• Brief: A word-for-word copy of the records is needed, with every picture left out.

• Listed records:
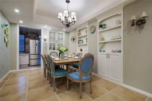 ▲換一個角度再看看餐廳和廚房,餐廳與書房之間的墻上做了一排展示柜,豐富這個空間的細節設計,同時也方便收納和展示。
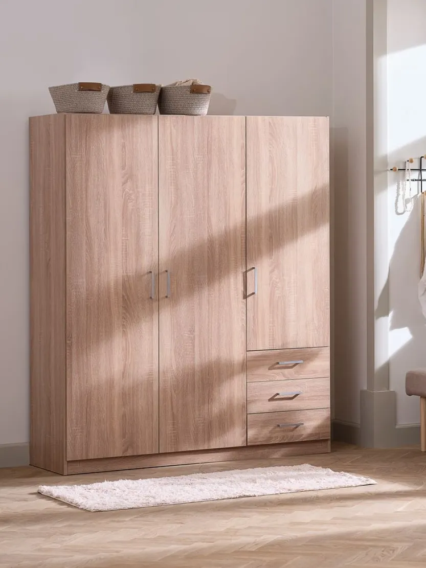 Kledingkast FANDRUP 145×176 3 deuren 3 lades licht eiken
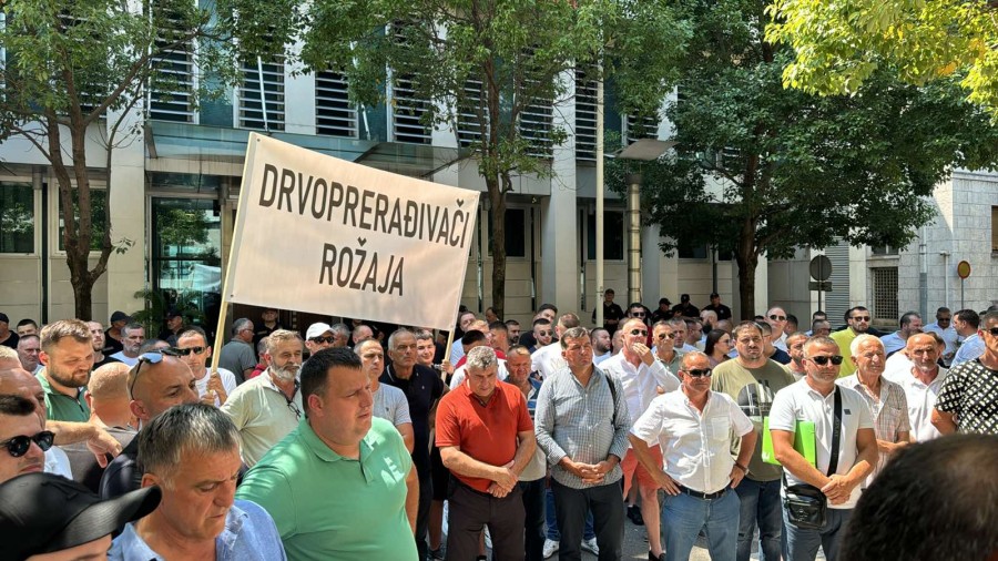 Protest ispred Vlade Crne Gore organizovali su mali drvoprerađivači iz Rožaja i Berana i tom prilikom tražili poništavanje tendera Uprave za gazdovanje šumama i lovištima za redovnu sječu i smjenu direktora Uprave, Miloša Rajkovića.
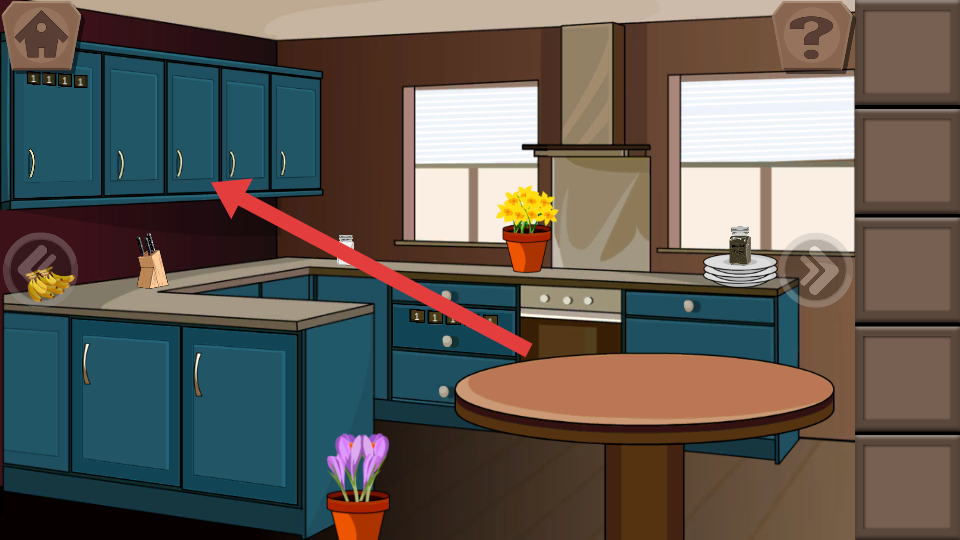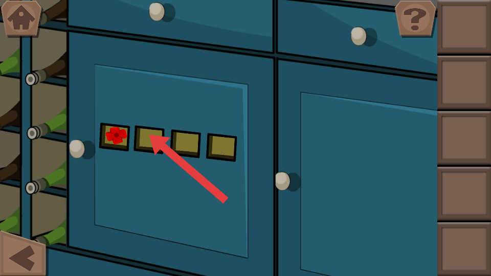 2、遇到带花朵插槽的柜门,记好位置,回头找花朵道具,留意橱柜数字如抽屉上的符号,可能是密码。
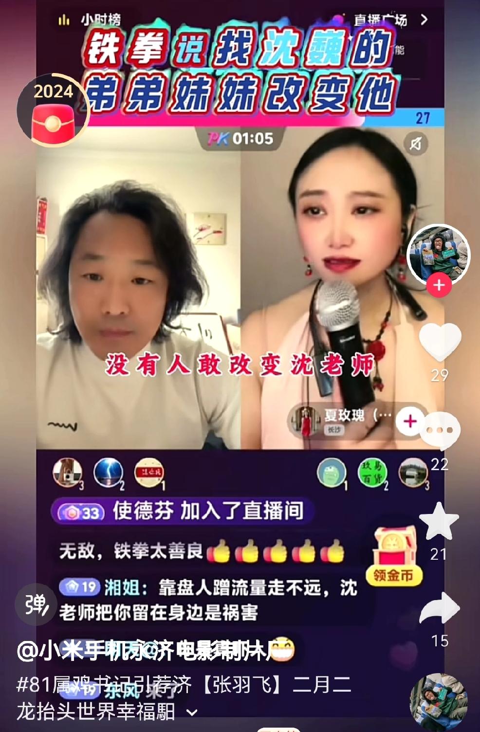这个铁拳有点走火入魔了,在直播间扬言要改变老师沈巍,他说他不改变沈巍老师,老师的段位永远上不去! 看到这个我都惊呆了,一个段位低的人说要改变一个段位高的人让他提高档次,这话你信吗?你敢信么? 一个人最悲哀的就是妄自尊大不自知,他这样自己都没活明白,居然想着去提高别人,天天盘人上瘾。还有联系沈巍的弟弟妹妹,这不是打沈巍老师的脸?人家沈巍本来就和家人不和,他怎么想到要去联系人家弟弟妹妹,这不纯恶心人吗? 估计沈巍现在想到铁拳就像吞了一肚子苍蝇一样,这都什么事?人家沈巍都直播连线和他结束来往了,他还厚着脸皮老师老师的喊着!沈巍先生如果正在吃饭,听说他要联系弟弟妹妹来改变他,估计一怒之下会忍不住把饭桌给掀了!简直莫名其妙!
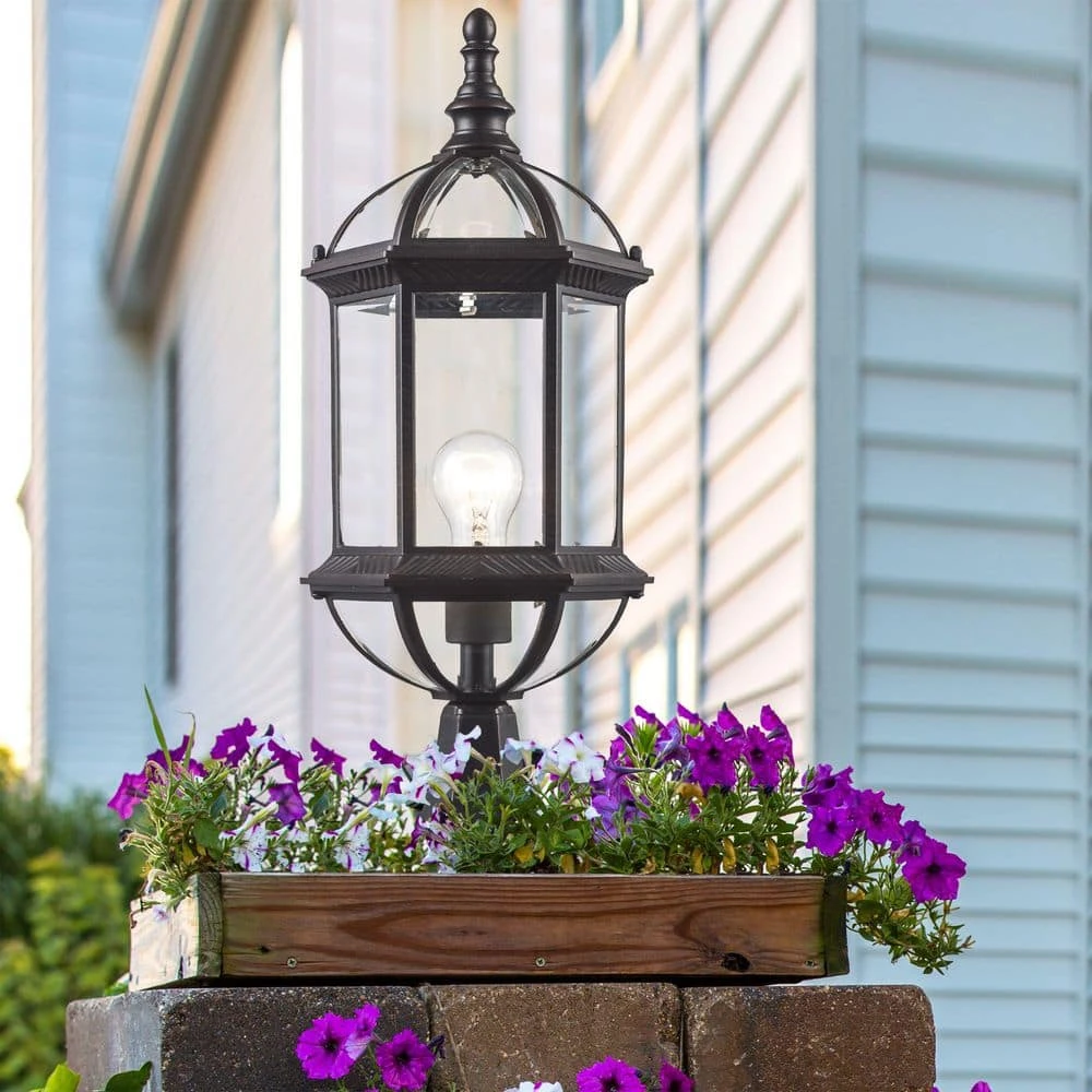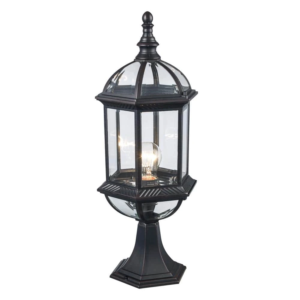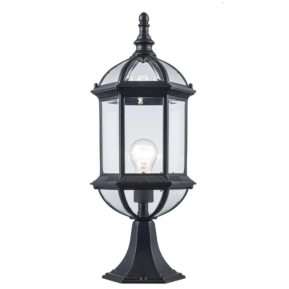 The Wentworth Collection from Bel Air presents craftsman exterior lighting with decorative details such as scroll arms, braided trim, and clear beveled glass. The classic styling is designed to coordinate with a variety of home types, from traditional to rustic. The Wentworth pier base landscape light is designed to mount directly into thick posts, walls, columns, or other flat surfaces in need of illumination. The pier light is finished in rust, a natural finish that will easily blend with existing hardware and exterior lighting. The lantern style housing includes a cast metal frame and clear, beveled glass windows on the six sided frame. A single 60-watt bulb can be seen inside the body, offering ample and uninterrupted illumination to your landscaped areas. Shop the Wentworth family of outdoor lights for additional sizes, finishes, and lighting styles.
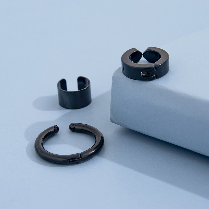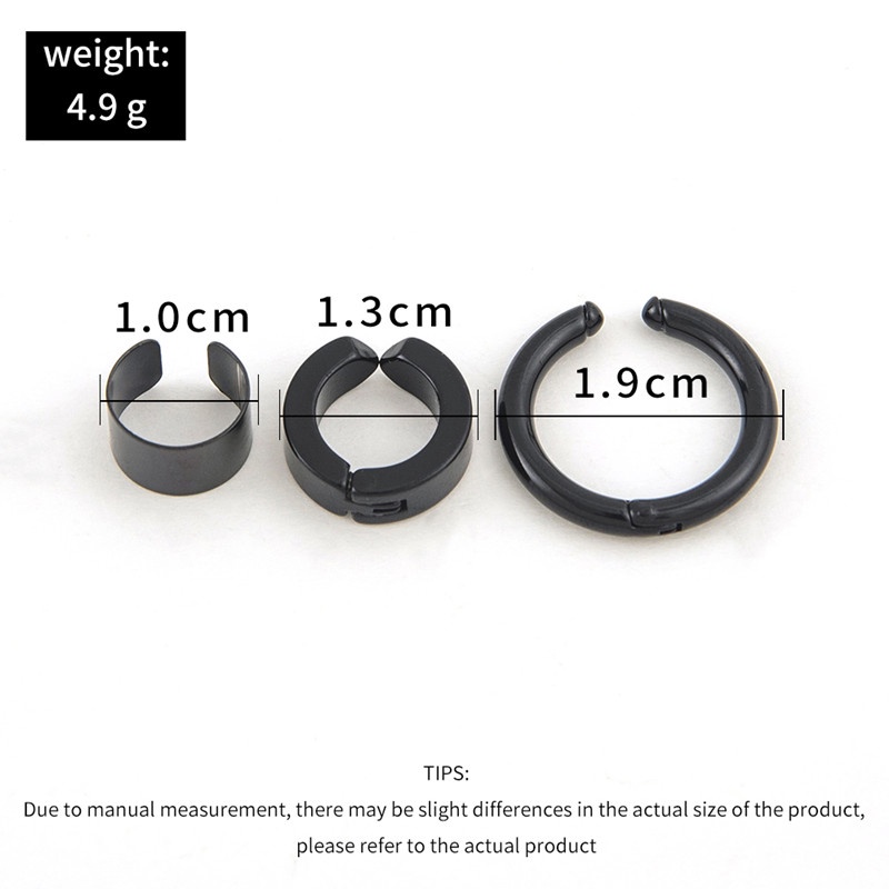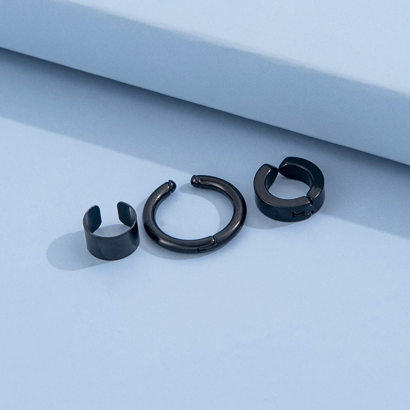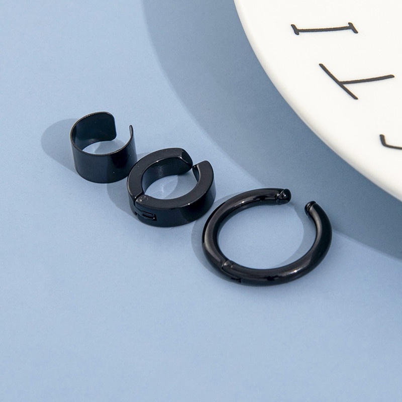 3 Pcs/Set Fashion Stainless Steel Non-Piercing Clip Earrings for Men Punk Jewelry Accessories
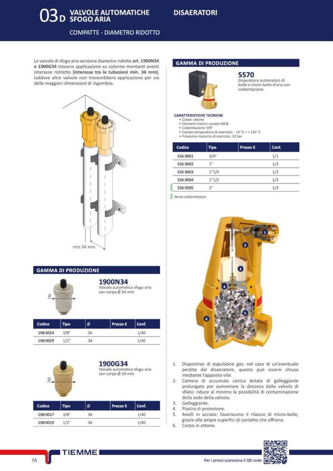 Le valvole di sfogo aria versione diametro ridotto art. 1900N34
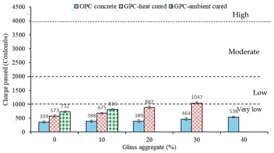 - The increase in the chloride permeability of the OPC concrete and geopolymer concrete due to the increase in the glass aggregate was ascribed to the increase in the porosity of the concrete. For the same glass aggregate content, the geopolymer concrete provided a higher chloride permeability compared to the OPC concrete due to the higher pore solution conductivity of the geopolymer concrete than the OPC concrete.
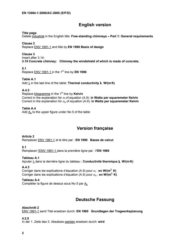 Freistehende Schornsteine - Teil 1: Allgemeine Anforderungen This corrigendum becomes effective on 9 March 2005 for incorporation in the three official language versions of the EN.

• Solution below:
 ▲換一個角度再看看餐廳和廚房,餐廳與書房之間的墻上做了一排展示柜,豐富這個空間的細節設計,同時也方便收納和展示。
 Kledingkast FANDRUP 145×176 3 deuren 3 lades licht eiken
 Protest ispred Vlade Crne Gore organizovali su mali drvoprerađivači iz Rožaja i Berana i tom prilikom tražili poništavanje tendera Uprave za gazdovanje šumama i lovištima za redovnu sječu i smjenu direktora Uprave, Miloša Rajkovića.
 2、遇到带花朵插槽的柜门,记好位置,回头找花朵道具,留意橱柜数字如抽屉上的符号,可能是密码。
这个铁拳有点走火入魔了,在直播间扬言要改变老师沈巍,他说他不改变沈巍老师,老师的段位永远上不去! 看到这个我都惊呆了,一个段位低的人说要改变一个段位高的人让他提高档次,这话你信吗?你敢信么? 一个人最悲哀的就是妄自尊大不自知,他这样自己都没活明白,居然想着去提高别人,天天盘人上瘾。还有联系沈巍的弟弟妹妹,这不是打沈巍老师的脸?人家沈巍本来就和家人不和,他怎么想到要去联系人家弟弟妹妹,这不纯恶心人吗? 估计沈巍现在想到铁拳就像吞了一肚子苍蝇一样,这都什么事?人家沈巍都直播连线和他结束来往了,他还厚着脸皮老师老师的喊着!沈巍先生如果正在吃饭,听说他要联系弟弟妹妹来改变他,估计一怒之下会忍不住把饭桌给掀了!简直莫名其妙!
 The Wentworth Collection from Bel Air presents craftsman exterior lighting with decorative details such as scroll arms, braided trim, and clear beveled glass. The classic styling is designed to coordinate with a variety of home types, from traditional to rustic. The Wentworth pier base landscape light is designed to mount directly into thick posts, walls, columns, or other flat surfaces in need of illumination. The pier light is finished in rust, a natural finish that will easily blend with existing hardware and exterior lighting. The lantern style housing includes a cast metal frame and clear, beveled glass windows on the six sided frame. A single 60-watt bulb can be seen inside the body, offering ample and uninterrupted illumination to your landscaped areas. Shop the Wentworth family of outdoor lights for additional sizes, finishes, and lighting styles.
 3 Pcs/Set Fashion Stainless Steel Non-Piercing Clip Earrings for Men Punk Jewelry Accessories
 Le valvole di sfogo aria versione diametro ridotto art. 1900N34
 - The increase in the chloride permeability of the OPC concrete and geopolymer concrete due to the increase in the glass aggregate was ascribed to the increase in the porosity of the concrete. For the same glass aggregate content, the geopolymer concrete provided a higher chloride permeability compared to the OPC concrete due to the higher pore solution conductivity of the geopolymer concrete than the OPC concrete.
 Freistehende Schornsteine - Teil 1: Allgemeine Anforderungen This corrigendum becomes effective on 9 March 2005 for incorporation in the three official language versions of the EN.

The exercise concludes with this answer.